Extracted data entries
******************************

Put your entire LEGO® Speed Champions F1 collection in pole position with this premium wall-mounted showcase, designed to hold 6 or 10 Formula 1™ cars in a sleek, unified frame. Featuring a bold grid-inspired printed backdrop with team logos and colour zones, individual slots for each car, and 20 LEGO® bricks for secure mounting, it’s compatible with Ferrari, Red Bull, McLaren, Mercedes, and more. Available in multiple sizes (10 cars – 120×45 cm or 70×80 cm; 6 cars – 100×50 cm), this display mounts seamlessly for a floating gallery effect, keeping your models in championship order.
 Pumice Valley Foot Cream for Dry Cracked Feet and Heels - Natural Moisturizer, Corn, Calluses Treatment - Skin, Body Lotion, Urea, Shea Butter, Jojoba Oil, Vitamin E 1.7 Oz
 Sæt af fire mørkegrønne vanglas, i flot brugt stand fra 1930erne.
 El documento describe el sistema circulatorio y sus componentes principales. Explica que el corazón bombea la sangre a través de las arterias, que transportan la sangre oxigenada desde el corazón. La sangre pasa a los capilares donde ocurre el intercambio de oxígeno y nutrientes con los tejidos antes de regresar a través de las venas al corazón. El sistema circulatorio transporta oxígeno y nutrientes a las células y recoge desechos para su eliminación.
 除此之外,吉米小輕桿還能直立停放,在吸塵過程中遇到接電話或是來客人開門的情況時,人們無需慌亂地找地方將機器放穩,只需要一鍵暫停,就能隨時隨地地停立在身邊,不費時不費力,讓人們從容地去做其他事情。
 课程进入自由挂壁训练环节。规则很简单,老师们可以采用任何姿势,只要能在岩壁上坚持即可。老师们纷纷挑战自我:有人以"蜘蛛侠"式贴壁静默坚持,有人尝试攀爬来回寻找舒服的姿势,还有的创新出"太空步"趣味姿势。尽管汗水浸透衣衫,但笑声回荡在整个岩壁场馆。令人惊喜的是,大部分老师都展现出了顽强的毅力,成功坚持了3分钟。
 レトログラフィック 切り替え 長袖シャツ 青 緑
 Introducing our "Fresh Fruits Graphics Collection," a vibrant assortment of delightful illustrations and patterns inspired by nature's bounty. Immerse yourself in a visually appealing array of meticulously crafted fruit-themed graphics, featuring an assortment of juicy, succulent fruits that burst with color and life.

******************************

• _Work instructions_: Look back at the entries above and repeat, unchanged, every line from the line holding "除此之外,吉米小輕桿還能直立" through the line holding "レトログラフィック 切り替え 長袖シャツ 青 緑".

• _Problem solution_:
 除此之外,吉米小輕桿還能直立停放,在吸塵過程中遇到接電話或是來客人開門的情況時,人們無需慌亂地找地方將機器放穩,只需要一鍵暫停,就能隨時隨地地停立在身邊,不費時不費力,讓人們從容地去做其他事情。
 课程进入自由挂壁训练环节。规则很简单,老师们可以采用任何姿势,只要能在岩壁上坚持即可。老师们纷纷挑战自我:有人以"蜘蛛侠"式贴壁静默坚持,有人尝试攀爬来回寻找舒服的姿势,还有的创新出"太空步"趣味姿势。尽管汗水浸透衣衫,但笑声回荡在整个岩壁场馆。令人惊喜的是,大部分老师都展现出了顽强的毅力,成功坚持了3分钟。
 レトログラフィック 切り替え 長袖シャツ 青 緑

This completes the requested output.